**LISTED ENTRIES**
____

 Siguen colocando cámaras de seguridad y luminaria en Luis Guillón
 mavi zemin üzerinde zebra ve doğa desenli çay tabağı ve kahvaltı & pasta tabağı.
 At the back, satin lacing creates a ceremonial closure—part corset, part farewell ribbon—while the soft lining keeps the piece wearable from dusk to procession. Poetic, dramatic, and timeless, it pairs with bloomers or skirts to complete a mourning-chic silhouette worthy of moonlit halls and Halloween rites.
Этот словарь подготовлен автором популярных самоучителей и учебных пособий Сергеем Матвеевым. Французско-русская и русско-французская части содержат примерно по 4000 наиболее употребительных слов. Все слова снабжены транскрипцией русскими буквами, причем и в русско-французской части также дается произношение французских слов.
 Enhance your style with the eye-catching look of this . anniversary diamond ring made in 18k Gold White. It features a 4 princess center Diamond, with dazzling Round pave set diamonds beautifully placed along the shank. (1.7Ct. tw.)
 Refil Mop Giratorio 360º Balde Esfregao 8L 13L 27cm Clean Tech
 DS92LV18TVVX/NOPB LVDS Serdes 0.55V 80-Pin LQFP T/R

____

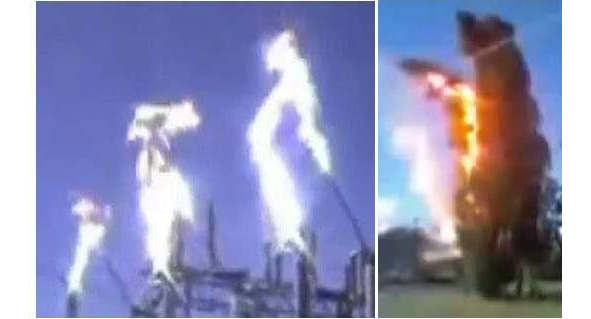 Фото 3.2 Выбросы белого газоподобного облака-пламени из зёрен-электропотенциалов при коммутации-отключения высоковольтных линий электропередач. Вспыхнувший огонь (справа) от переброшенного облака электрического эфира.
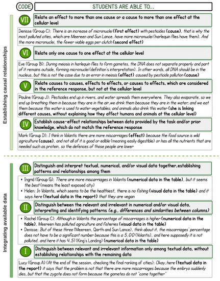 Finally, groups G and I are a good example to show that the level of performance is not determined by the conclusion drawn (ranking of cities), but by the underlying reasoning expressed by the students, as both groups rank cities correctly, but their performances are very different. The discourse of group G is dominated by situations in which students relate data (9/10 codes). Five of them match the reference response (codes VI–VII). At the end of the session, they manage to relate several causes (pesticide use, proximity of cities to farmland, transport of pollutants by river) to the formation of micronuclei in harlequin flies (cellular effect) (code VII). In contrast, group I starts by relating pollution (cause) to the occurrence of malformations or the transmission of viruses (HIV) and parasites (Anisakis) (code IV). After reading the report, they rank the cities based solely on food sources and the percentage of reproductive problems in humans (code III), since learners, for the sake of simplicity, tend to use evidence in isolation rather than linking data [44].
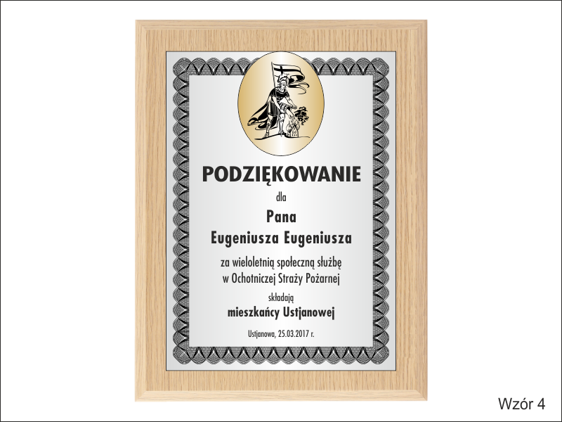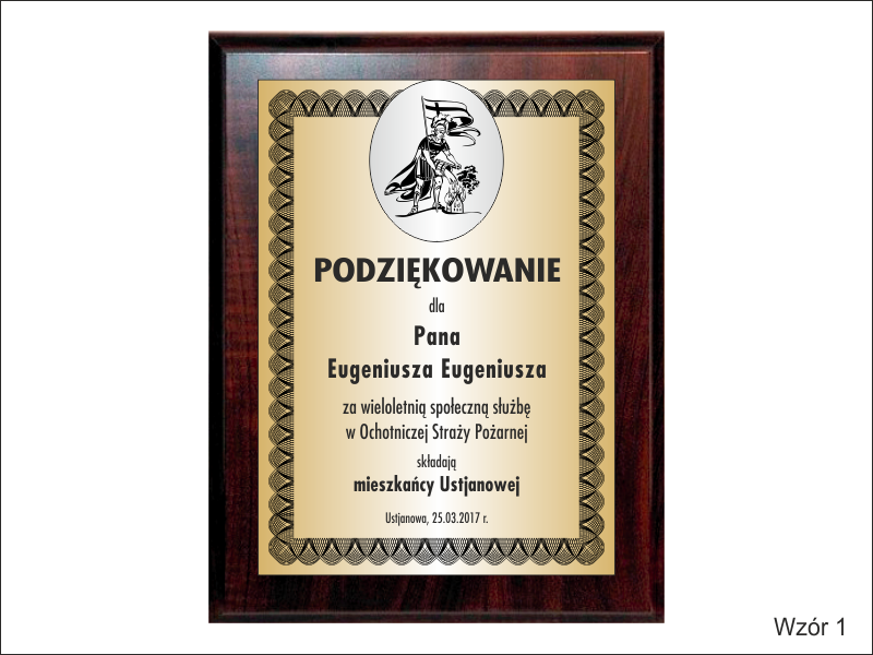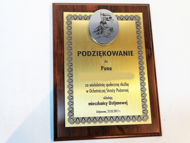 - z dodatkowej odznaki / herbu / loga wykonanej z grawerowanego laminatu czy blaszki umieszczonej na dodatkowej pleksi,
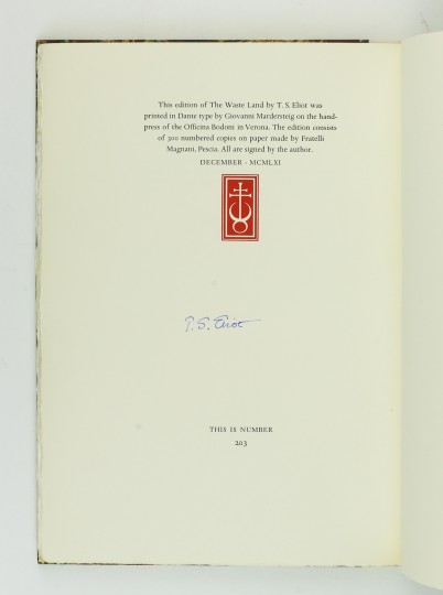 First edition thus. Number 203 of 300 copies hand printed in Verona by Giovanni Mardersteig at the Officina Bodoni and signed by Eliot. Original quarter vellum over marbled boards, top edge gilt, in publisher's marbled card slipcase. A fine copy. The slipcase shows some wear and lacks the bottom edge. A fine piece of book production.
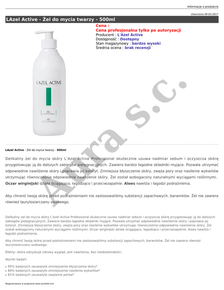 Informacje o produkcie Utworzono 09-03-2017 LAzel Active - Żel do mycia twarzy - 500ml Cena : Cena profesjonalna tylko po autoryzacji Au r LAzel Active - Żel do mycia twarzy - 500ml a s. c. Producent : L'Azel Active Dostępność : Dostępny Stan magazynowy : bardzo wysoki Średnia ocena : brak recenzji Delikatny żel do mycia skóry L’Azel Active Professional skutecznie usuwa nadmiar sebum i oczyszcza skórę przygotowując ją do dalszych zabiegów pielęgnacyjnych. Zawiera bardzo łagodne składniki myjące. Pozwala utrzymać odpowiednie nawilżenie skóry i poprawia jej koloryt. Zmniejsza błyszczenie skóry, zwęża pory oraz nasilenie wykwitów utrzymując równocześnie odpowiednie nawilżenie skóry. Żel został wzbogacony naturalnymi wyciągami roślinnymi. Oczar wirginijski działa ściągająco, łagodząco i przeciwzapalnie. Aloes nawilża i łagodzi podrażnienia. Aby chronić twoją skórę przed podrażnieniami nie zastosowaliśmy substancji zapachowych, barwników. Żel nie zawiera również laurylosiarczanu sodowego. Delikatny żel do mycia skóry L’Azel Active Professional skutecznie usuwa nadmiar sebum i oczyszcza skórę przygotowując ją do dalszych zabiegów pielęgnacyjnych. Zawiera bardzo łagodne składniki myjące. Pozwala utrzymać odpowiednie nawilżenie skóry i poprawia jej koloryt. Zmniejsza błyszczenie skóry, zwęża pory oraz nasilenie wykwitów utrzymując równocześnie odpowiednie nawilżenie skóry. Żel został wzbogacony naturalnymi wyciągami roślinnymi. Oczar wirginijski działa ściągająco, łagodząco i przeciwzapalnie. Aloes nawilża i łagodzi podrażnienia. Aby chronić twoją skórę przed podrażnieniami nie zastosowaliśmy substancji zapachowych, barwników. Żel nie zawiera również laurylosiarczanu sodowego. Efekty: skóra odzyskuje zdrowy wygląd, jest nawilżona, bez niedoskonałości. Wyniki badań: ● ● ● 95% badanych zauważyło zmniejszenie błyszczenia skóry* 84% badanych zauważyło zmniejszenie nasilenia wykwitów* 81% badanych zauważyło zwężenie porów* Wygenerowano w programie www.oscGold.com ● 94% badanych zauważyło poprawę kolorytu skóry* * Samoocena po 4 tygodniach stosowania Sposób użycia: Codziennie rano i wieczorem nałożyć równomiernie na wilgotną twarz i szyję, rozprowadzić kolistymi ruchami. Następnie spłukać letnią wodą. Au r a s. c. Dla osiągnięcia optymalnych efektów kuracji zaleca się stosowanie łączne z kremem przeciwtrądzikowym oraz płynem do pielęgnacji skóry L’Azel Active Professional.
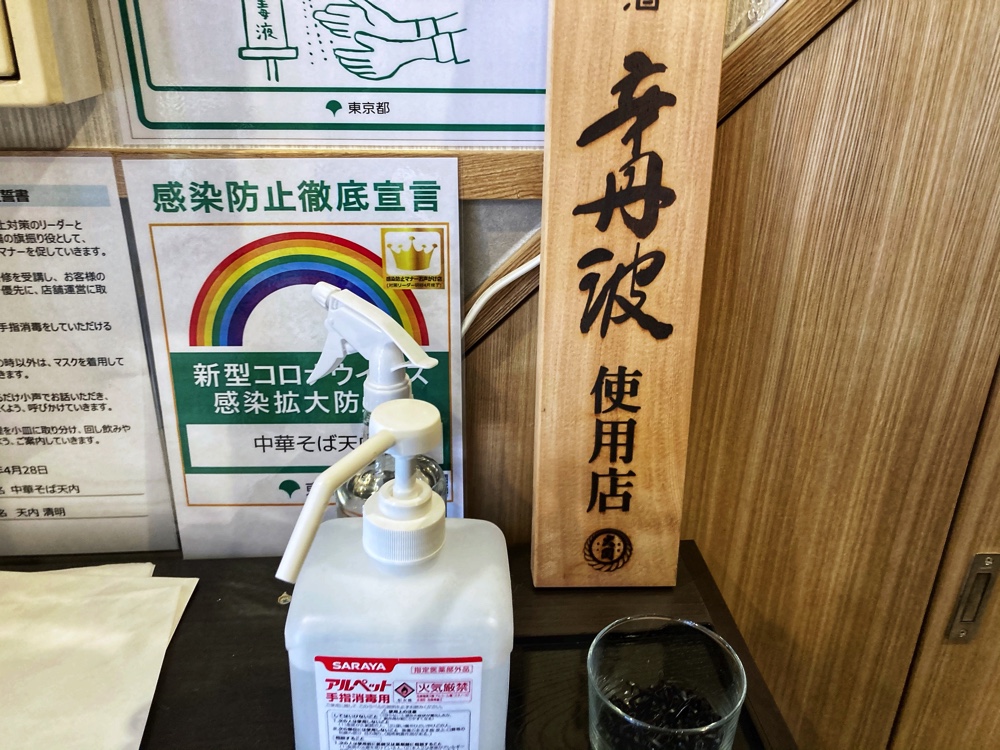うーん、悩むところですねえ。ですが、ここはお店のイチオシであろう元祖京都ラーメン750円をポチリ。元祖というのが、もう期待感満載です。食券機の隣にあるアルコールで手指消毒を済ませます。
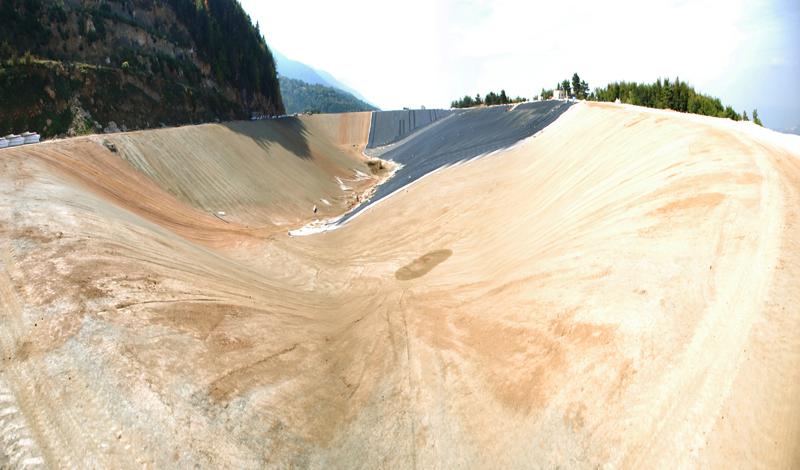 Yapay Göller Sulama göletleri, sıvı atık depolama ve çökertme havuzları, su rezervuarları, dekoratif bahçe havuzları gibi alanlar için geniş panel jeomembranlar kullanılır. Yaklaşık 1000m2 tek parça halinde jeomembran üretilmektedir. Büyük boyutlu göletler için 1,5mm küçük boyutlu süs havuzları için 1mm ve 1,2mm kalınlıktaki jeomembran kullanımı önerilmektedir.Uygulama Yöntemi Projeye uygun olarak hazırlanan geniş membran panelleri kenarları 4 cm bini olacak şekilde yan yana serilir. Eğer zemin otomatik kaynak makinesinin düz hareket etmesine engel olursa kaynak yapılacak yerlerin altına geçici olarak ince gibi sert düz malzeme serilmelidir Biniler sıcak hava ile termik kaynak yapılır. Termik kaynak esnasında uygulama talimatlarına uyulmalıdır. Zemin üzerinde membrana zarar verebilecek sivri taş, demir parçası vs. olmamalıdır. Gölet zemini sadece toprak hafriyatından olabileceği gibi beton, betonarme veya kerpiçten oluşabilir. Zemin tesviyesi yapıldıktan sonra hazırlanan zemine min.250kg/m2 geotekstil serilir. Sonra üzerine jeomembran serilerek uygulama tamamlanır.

____

**YOUR TASK**
Return, word for word, the lines of the data above from the line with "Refil Mop Giratorio" through the line with "DS92LV18TVVX/NOPB LVDS Serdes", inclusive.

**SOLUTION**
 Refil Mop Giratorio 360º Balde Esfregao 8L 13L 27cm Clean Tech
 DS92LV18TVVX/NOPB LVDS Serdes 0.55V 80-Pin LQFP T/R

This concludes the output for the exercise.